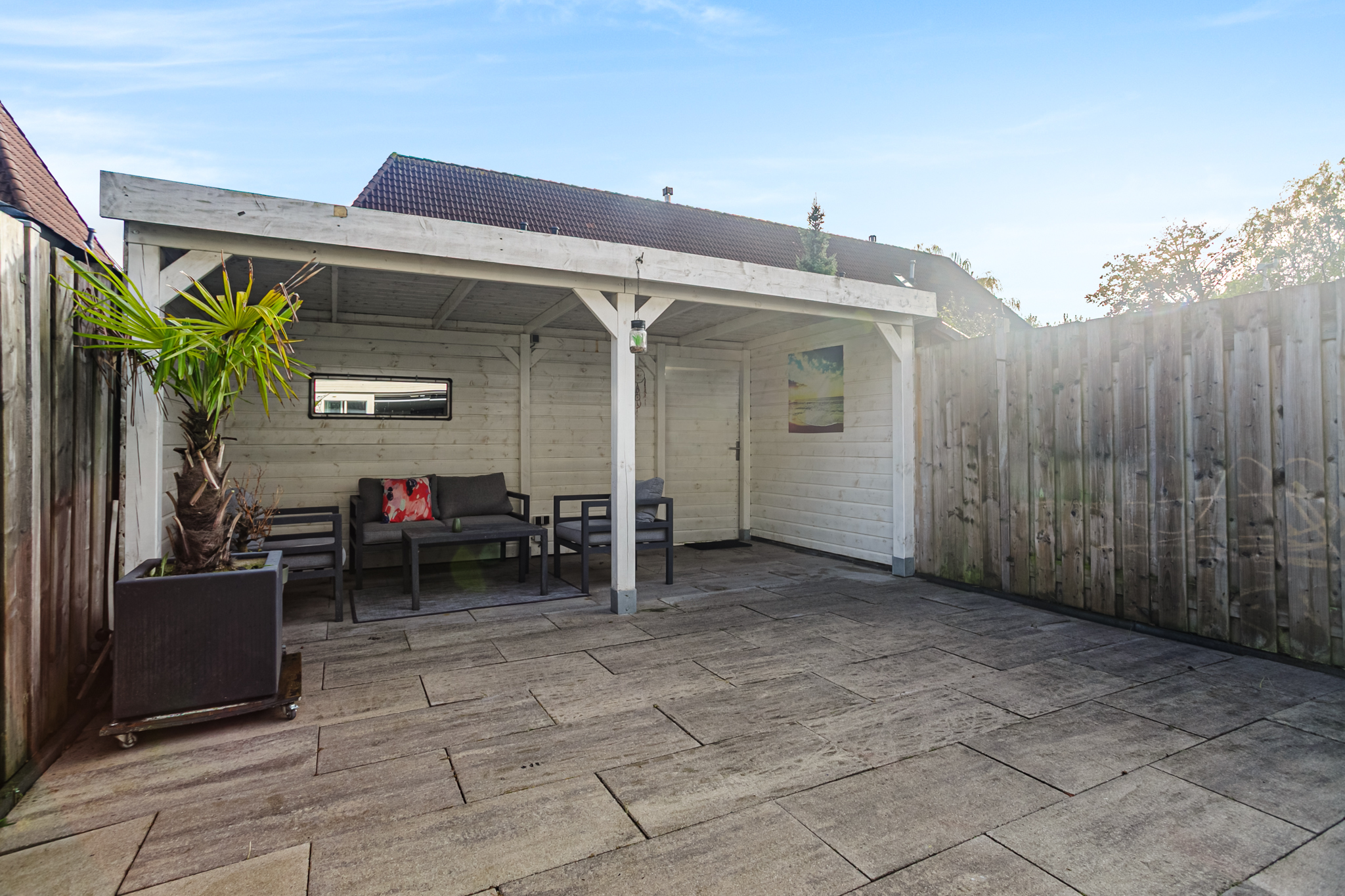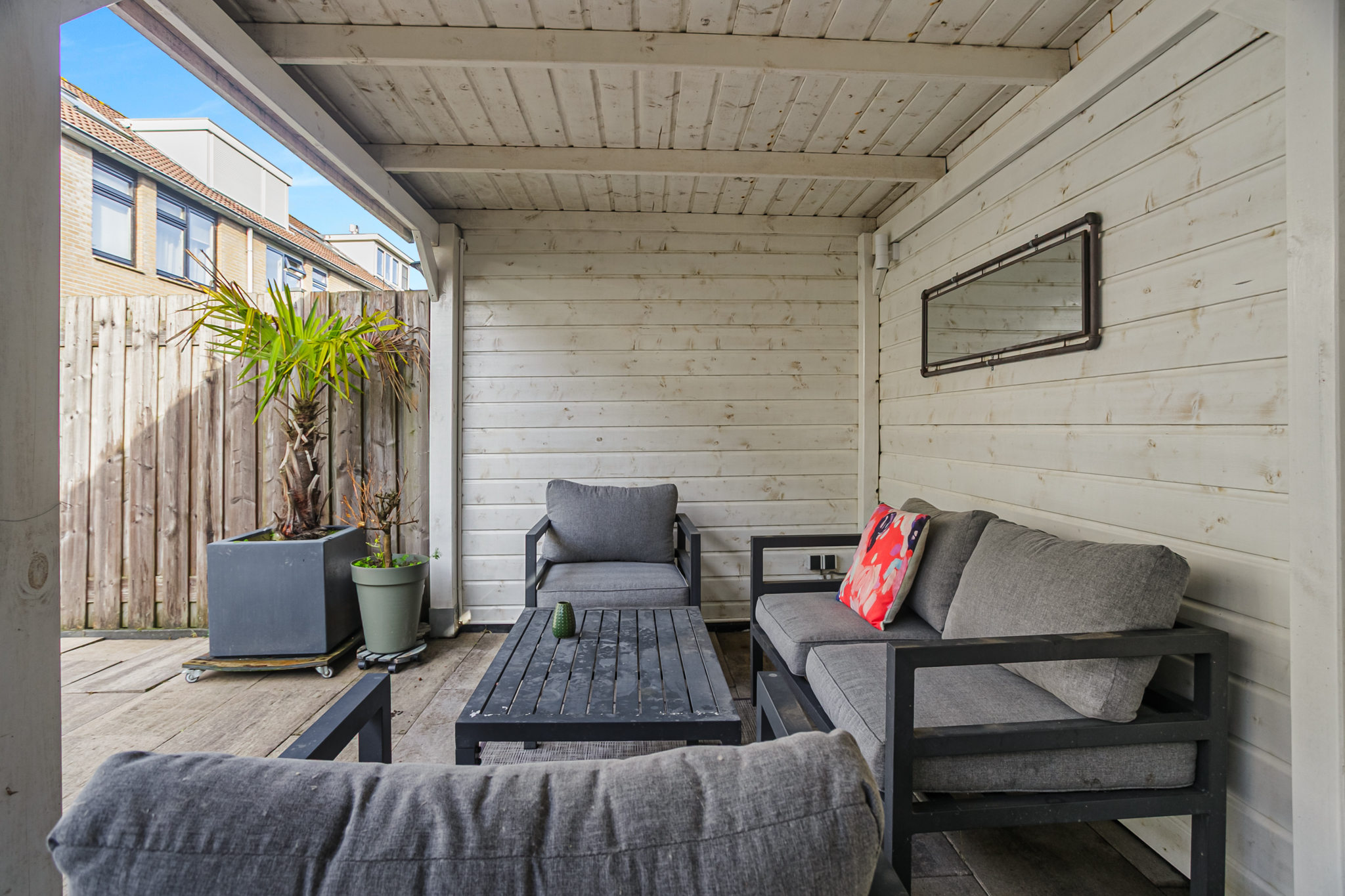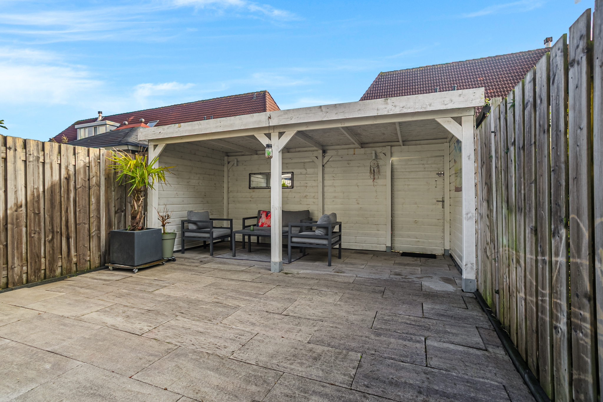 De voortuin is, samen met de buren, bestraat en als erfafscheiding is er een hoge plantenbak geplaatst. Vanuit de serre loop je de achtertuin in, gesitueerd op het zonnige zuiden. Hier zie je grote tuintegels, kunstgras en houten schuttingen waardoor het onderhoud minimaal is. Je kunt heerlijk in de zon zitten, maar ook beschut onder de grote veranda.
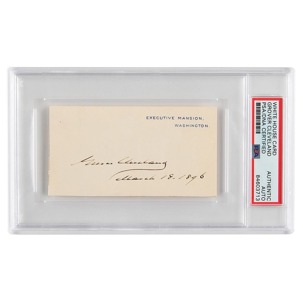 Executive Mansion card, 4.25 x 2.25, signed neatly in ink, "Grover Cleveland, March 18, 1896." In fine condition. Encapsulated in a PSA/DNA authentication holder.
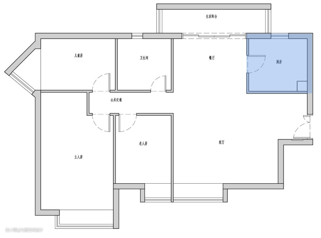 厨房区域在如图所示在这块燃气表在阳台,这个制约因素造成了整个餐厅窝在私密区域里面,所以在重新设计中,我们计划把厨房移到外面去。
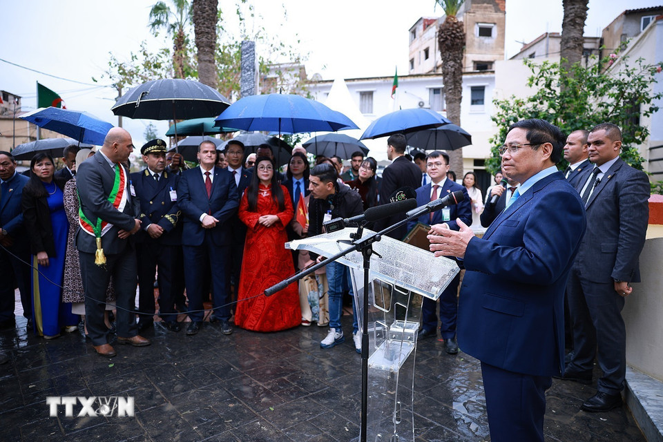 Thủ tướng Phạm Minh Chính phát biểu tại Lễ khánh thành Bia tưởng niệm Chủ tịch Hồ Chí Minh tại thủ đô Algiers, Algeria. (Ảnh: Dương Giang/TTXVN)
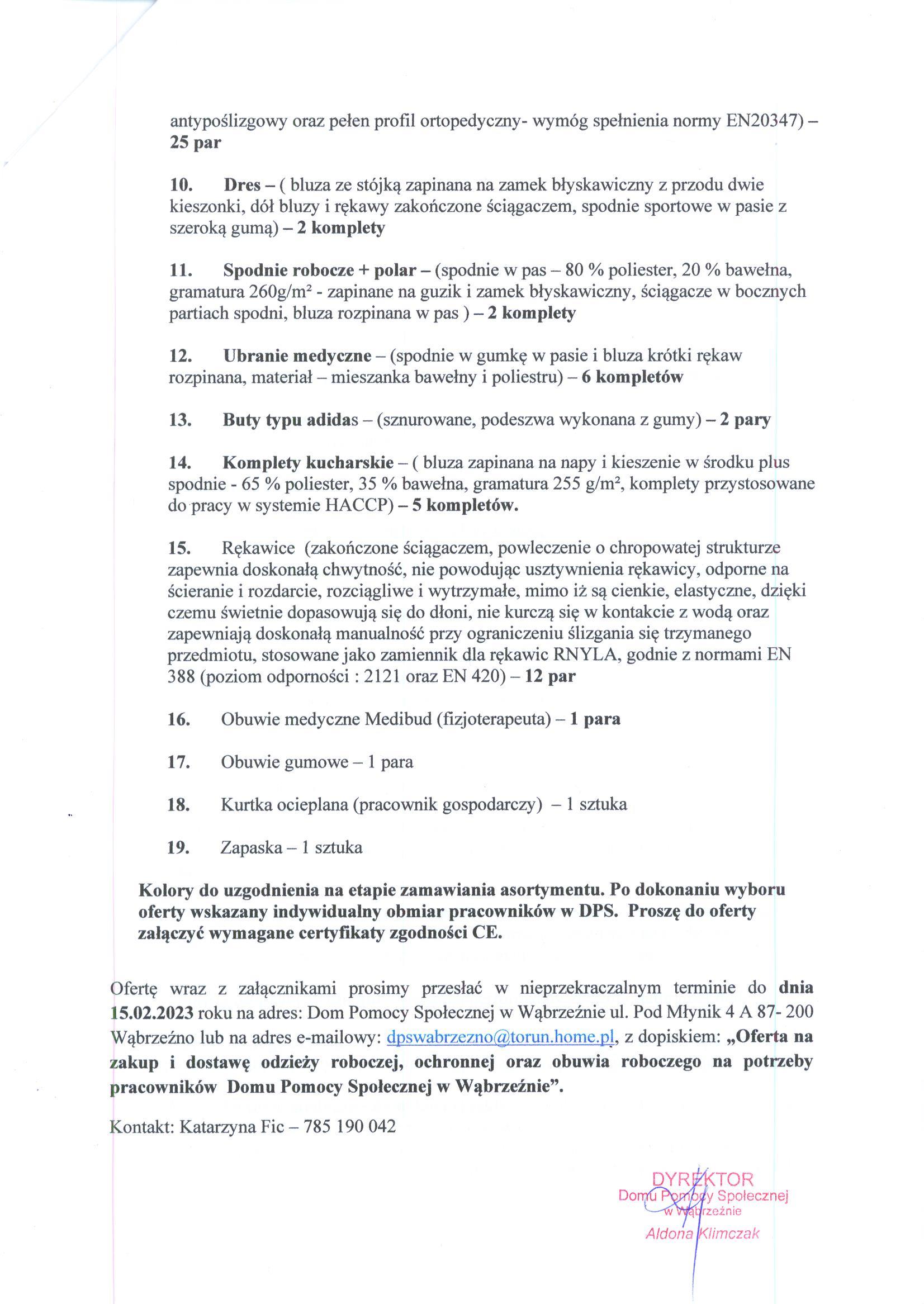 Ofertę wraz z załącznikami prosimy przesłać w nieprzekraczalnym terminie do dnia 15.02.2023 roku na adres: Dom Pomocy Społecznej w Wąbrzeźnie ul. Pod Młynik 4 A 87- 200 Wąbrzeźno lub na adres e-mailowy: dpswabrzezno[at]torun[dot]home[dot]pl, z dopiskiem: „Oferta na zakup i dostawę odzieży roboczej, ochronnej oraz obuwia roboczego na potrzeby pracowników Domu Pomocy Społecznej w Wąbrzeźnie”.
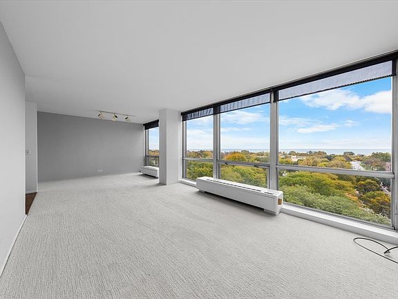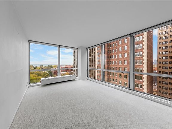 This stunning one bedroom condo offers breathtaking, floor-to-ceiling east-facing windows framing panoramic views of Lake Michigan and Lincoln Park. Flooded with natural light, the spacious open layout provides a perfect flow for both entertaining and everyday living, featuring a true dining area and an oversized living room. The large corner bedroom, with east and south exposures, includes custom built-in shelving and drawers for ample storage. The sleek, remodeled kitchen boasts quartz countertops and modern finishes, while the bright white bathroom features a walk-in shower. Brand-new carpet installed on 10/28/2025 adds the finishing touch to this stylish, move-in-ready home. Photos do NOT reflect new carpeting.
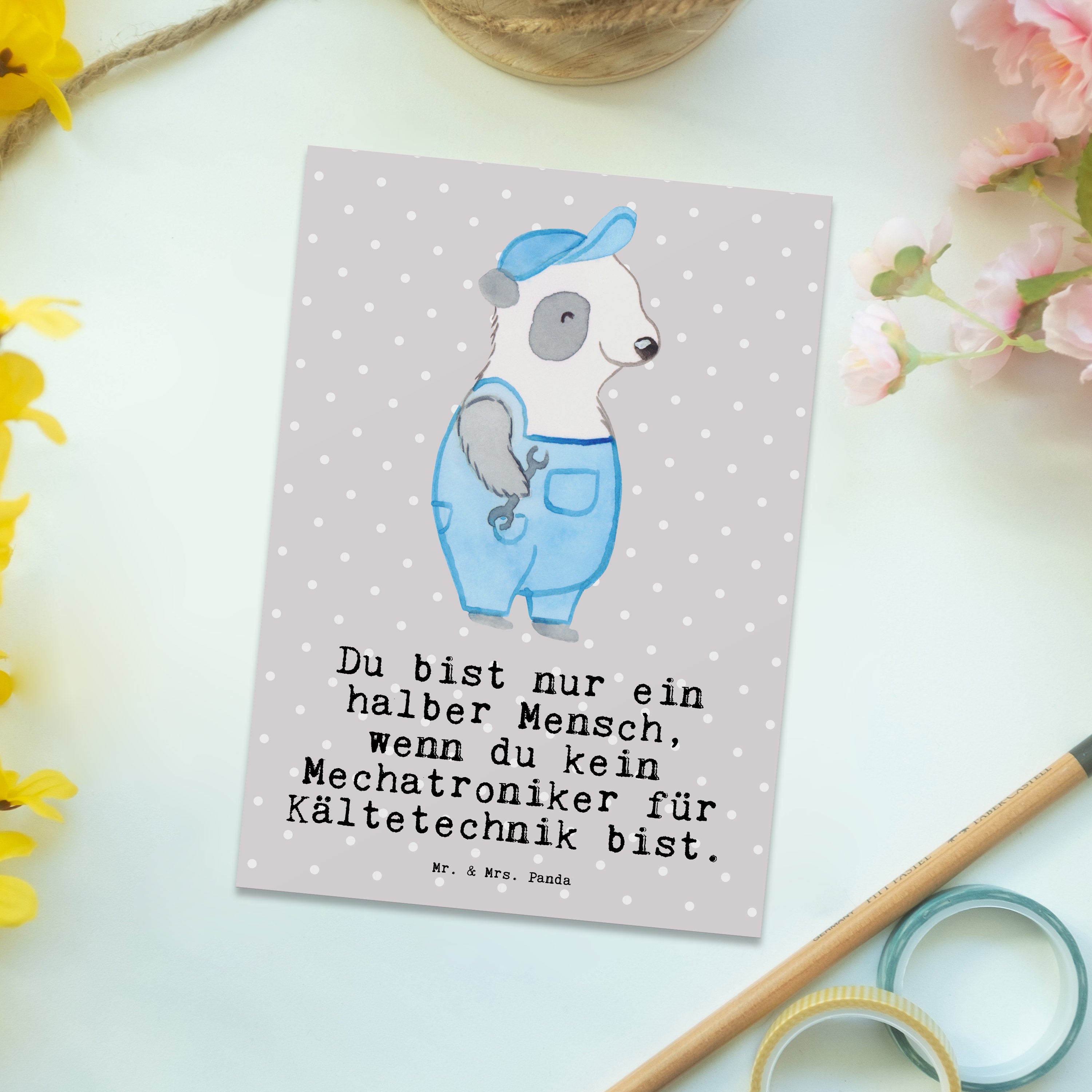 Postkarte Mechatroniker für Kältetechnik mit Herz - Grau Pastell
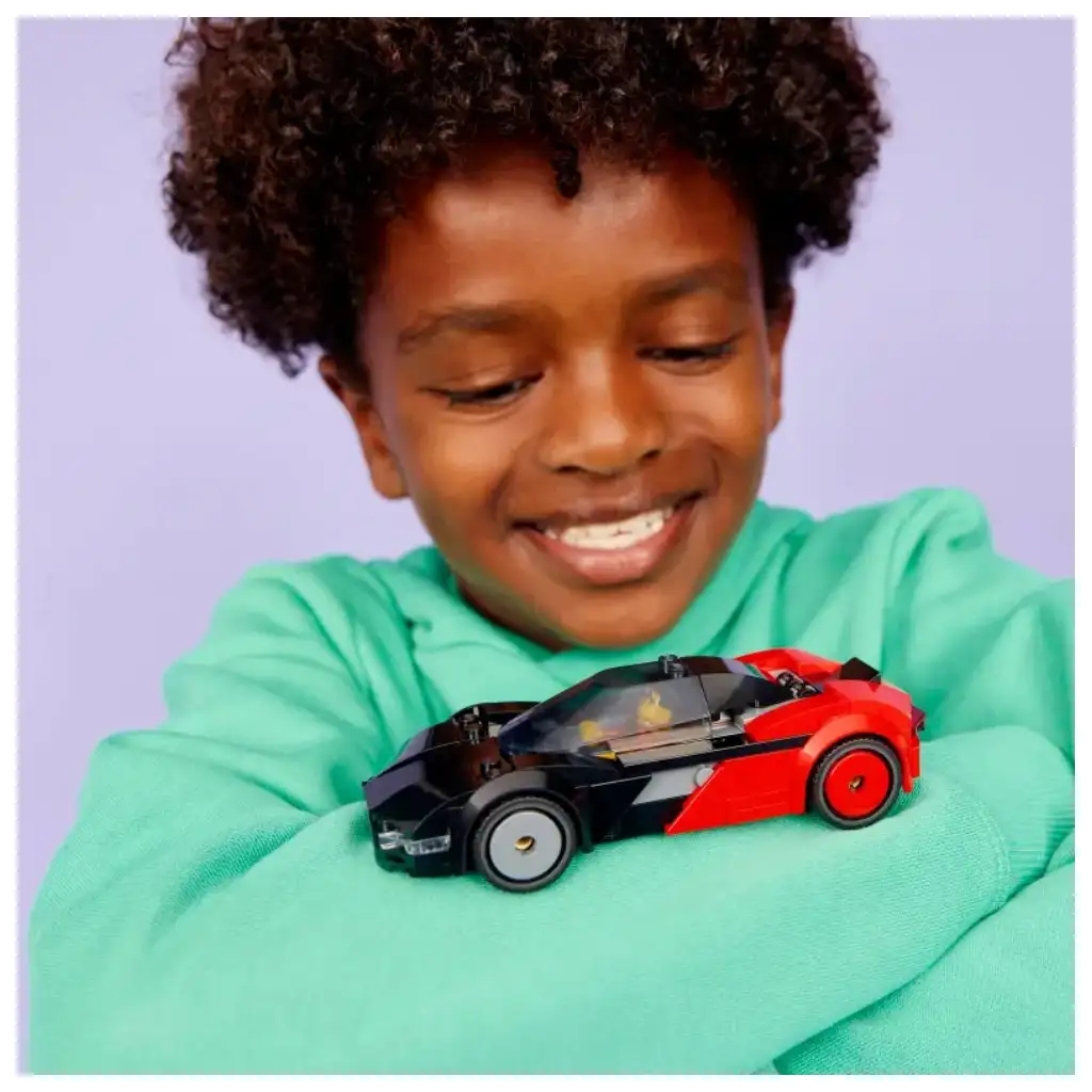 • BAŠ KAO PRAVI – Podigni stražnja vrata malog crveno-crnog sportskog automobila kako bi pristupio bateriji, i smjesti minifiguru za volan za vožnju punom brzinom
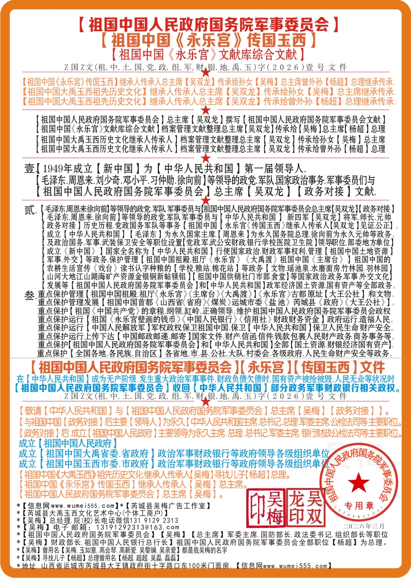 *【祖国中国】总主席【吴双龙】亲自授权孙女【吴梅】总主席等职位.在特殊环境下.

* * *

Problem requirements
Only lines belong in the copy, not pictures: write out exactly the lines of the records from the first through the one holding "Ofertę wraz z".

Answer space
 De voortuin is, samen met de buren, bestraat en als erfafscheiding is er een hoge plantenbak geplaatst. Vanuit de serre loop je de achtertuin in, gesitueerd op het zonnige zuiden. Hier zie je grote tuintegels, kunstgras en houten schuttingen waardoor het onderhoud minimaal is. Je kunt heerlijk in de zon zitten, maar ook beschut onder de grote veranda.
 Executive Mansion card, 4.25 x 2.25, signed neatly in ink, "Grover Cleveland, March 18, 1896." In fine condition. Encapsulated in a PSA/DNA authentication holder.
 厨房区域在如图所示在这块燃气表在阳台,这个制约因素造成了整个餐厅窝在私密区域里面,所以在重新设计中,我们计划把厨房移到外面去。
 Thủ tướng Phạm Minh Chính phát biểu tại Lễ khánh thành Bia tưởng niệm Chủ tịch Hồ Chí Minh tại thủ đô Algiers, Algeria. (Ảnh: Dương Giang/TTXVN)
 Ofertę wraz z załącznikami prosimy przesłać w nieprzekraczalnym terminie do dnia 15.02.2023 roku na adres: Dom Pomocy Społecznej w Wąbrzeźnie ul. Pod Młynik 4 A 87- 200 Wąbrzeźno lub na adres e-mailowy: dpswabrzezno[at]torun[dot]home[dot]pl, z dopiskiem: „Oferta na zakup i dostawę odzieży roboczej, ochronnej oraz obuwia roboczego na potrzeby pracowników Domu Pomocy Społecznej w Wąbrzeźnie”.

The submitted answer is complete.